Bill Viola (b.1951) is internationally recognized as one of today’s leading artists. For 40 years he has created videotapes, architectural video installations, sound environments, electronic music performances, flat panel video pieces, and works for television broadcast. Viola’s video installations—total environments that envelop the viewer in image and sound—employ state-of-the-art technologies and are distinguished by their precision and direct simplicity. His single channel videotapes have been widely broadcast and presented cinematically, while his writings have been extensively published and translated for international readers. Exploring the phenomena of sense perception as an avenue to self-knowledge, Viola’s videos communicate to a wide audience, allowing viewers to experience the work directly, and in their own personal way.

Since the early 1970's, Viola's art works have been exhibited worldwide and are included in the collections of international museums and important private collections. Exhibitions include: Bill Viola: Installations and Videotapes, MoMA, NY, 1987; and the travelling exhibition Bill Viola: Unseen Images, 1992-1994, organized by the Kunsthalle Düsseldorf and Kira Perov. Viola represented the U.S. at the 46th Venice Biennale in 1995 with the exhibition Buried Secrets. In 1997 the Whitney Museum organized Bill Viola: A 25-Year Survey that traveled to six museums in the US and Europe.
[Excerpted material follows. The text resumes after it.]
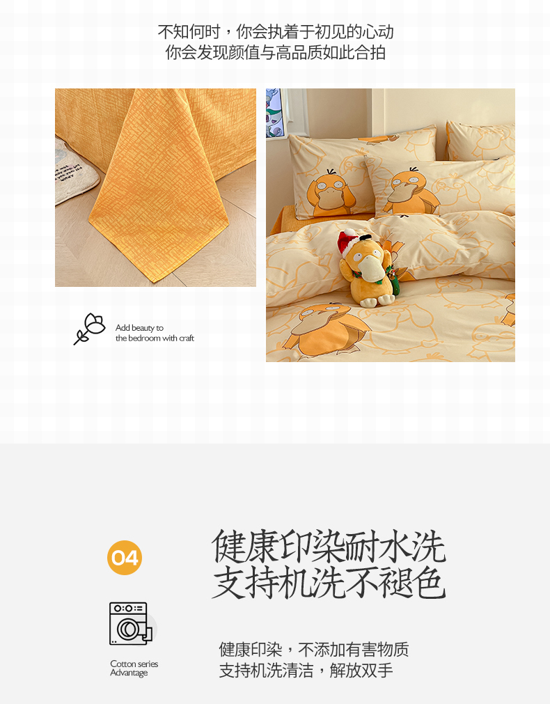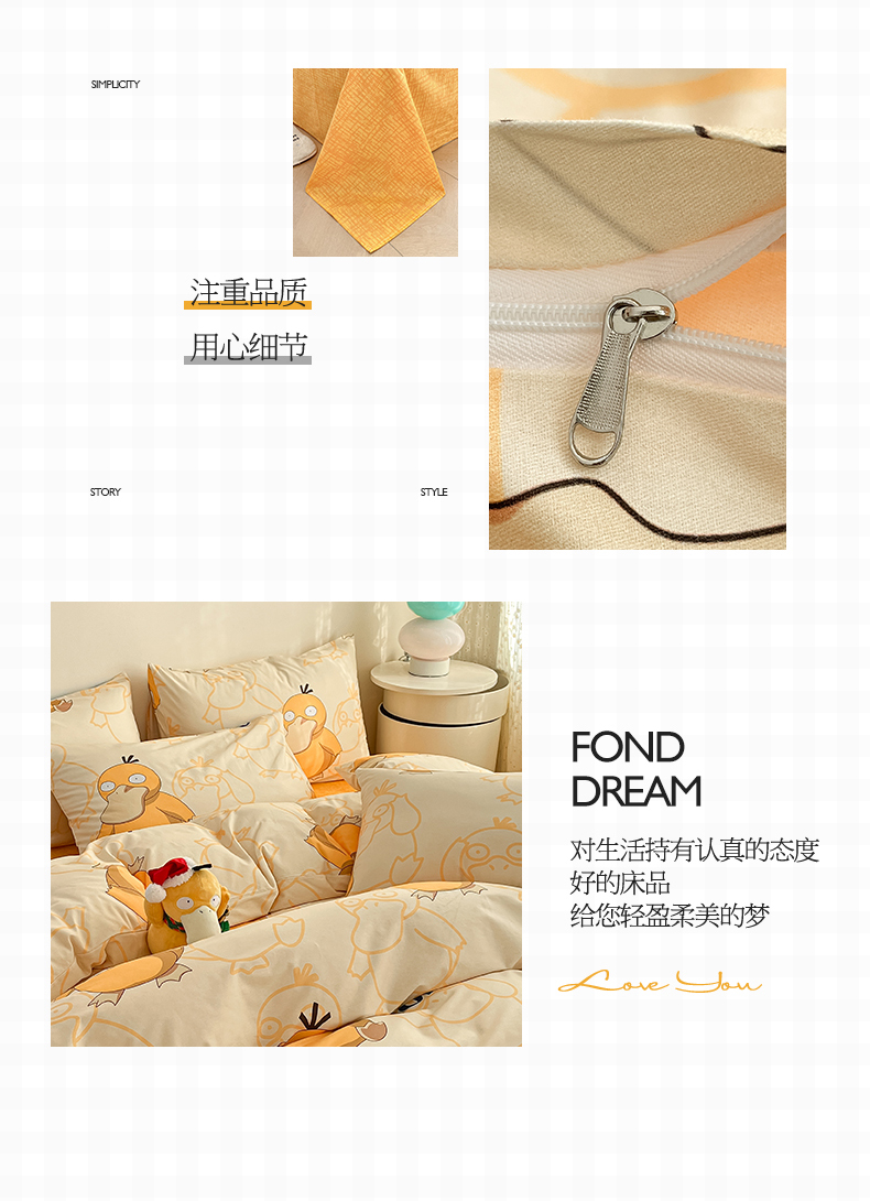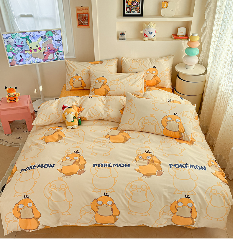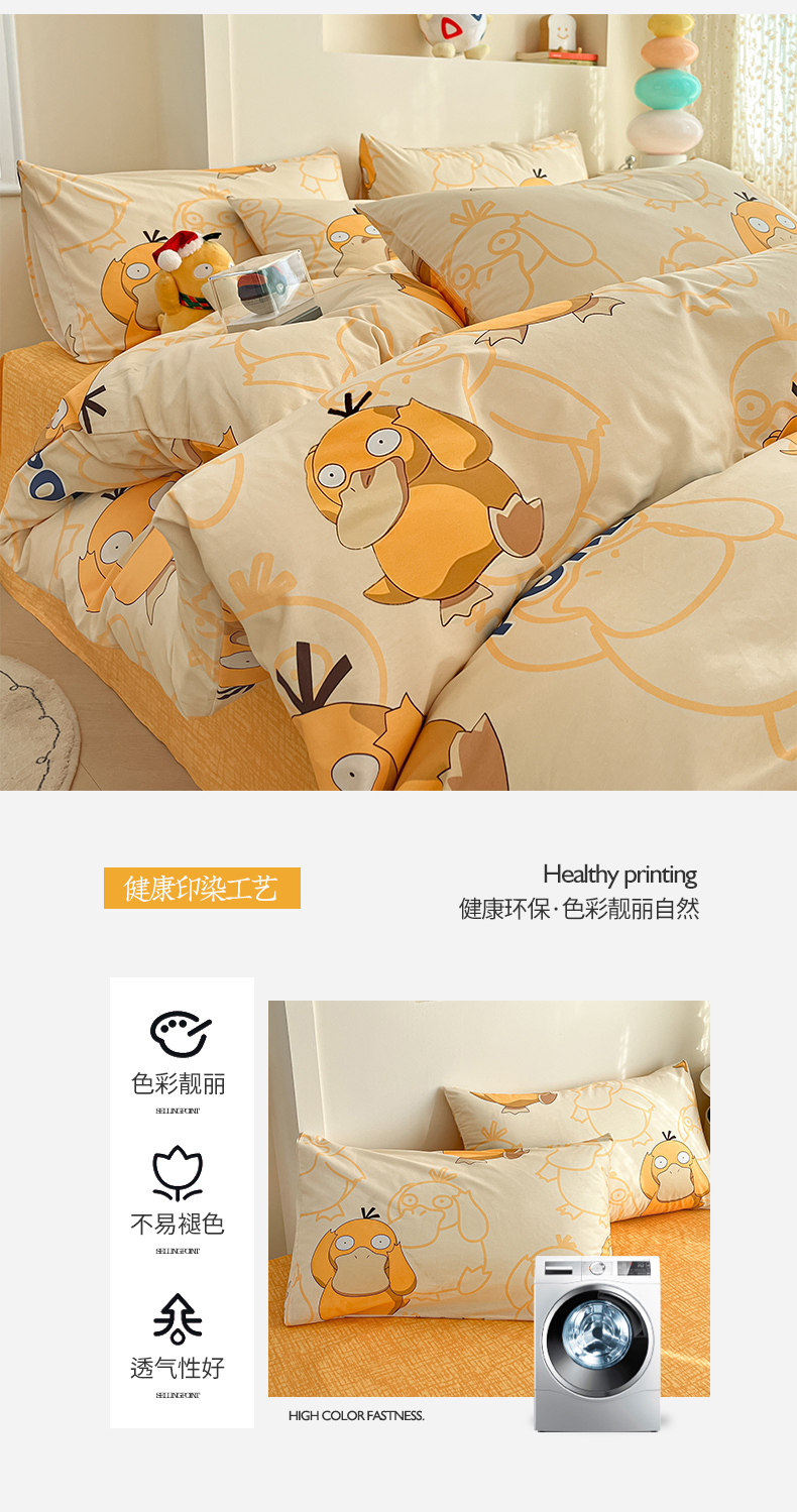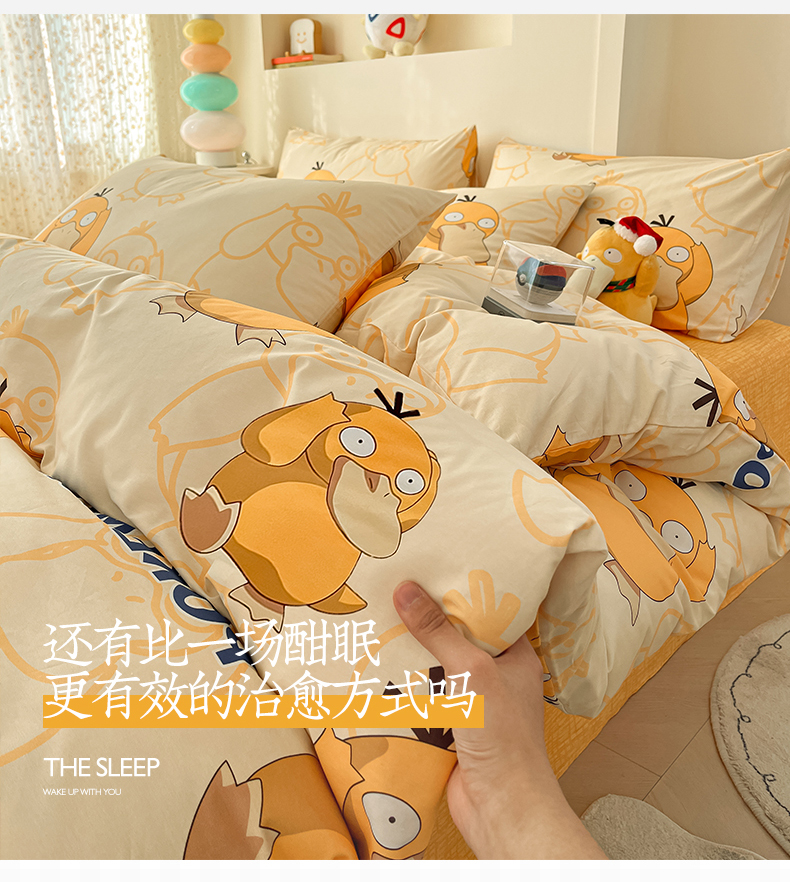 当前位置: 91家纺网 > 商品网购 > 床品套件 > 四件套 > 全棉普通四件套 > 桃子家居 2025新款宝可梦正版授权皮卡丘纯棉印花系列四件套 棉宝可梦-奶黄可达鸭

In 2002, Going Forth By Day, a five part video "fresco" cycle was presented at the Deutsche Guggenheim Berlin and the Guggenheim, NY. In 2003, The Passions, originated at the J. Paul Getty Museum, CA and traveled to the National Gallery, London; the Fondacion "La Caixa" in Madrid; and the National Gallery of Australia, Canberra. Other important solo exhibitions have been mounted at the Mori Art Museum in Tokyo in 2006 and at the Zacheta National Gallery of Art, Warsaw in 2007. In 2008, Bill Viola: Visioni interiori, a survey exhibition organized by Kira Perov, was presented in Rome at the Palazzo delle Esposizioni. His exhibition Intimate Works was presented at De Pont, Tilburg, Netherlands in January, 2010. Viola’s recent solo exhibits include Bill Viola: The Raft, the Nelson-Atkins Museum in Kansas City, Missouri, 2012; Bill Viola: Unspoken, James Cohan Gallery, Shanghai, 2012; Bill Viola: In Dialoge, the Real Academia de Bellas Artes de San Fernando in Madrid, Spain, 2014; a Major Retrospective Exhibition at the Grand Palais, France in March, 2014; and a commission for St. Pauls's Cathedral in London in May 2014.

Viola is the recipient of numerous awards and honors, most recently receiving the prestigious Praemium Imperiale Award in Tokyo in 2011. He received a John D. and Catherine T. MacArthur Foundation Fellowship in 1989; the first Medienkunstpreis in 1993; the Commander of the Order of Arts and Letters by the French Government in 2006; the Eugene McDermott Award in the Arts, MIT in 2009; and the 2009 Catalonia International Prize. In addition to several honorary doctorates, Viola was invited to be a visiting scholar at the Getty Research Institute, Los Angeles in 1998. Bill Viola and Kira Perov, his wife and long-time collaborator, live and work in Long Beach, California.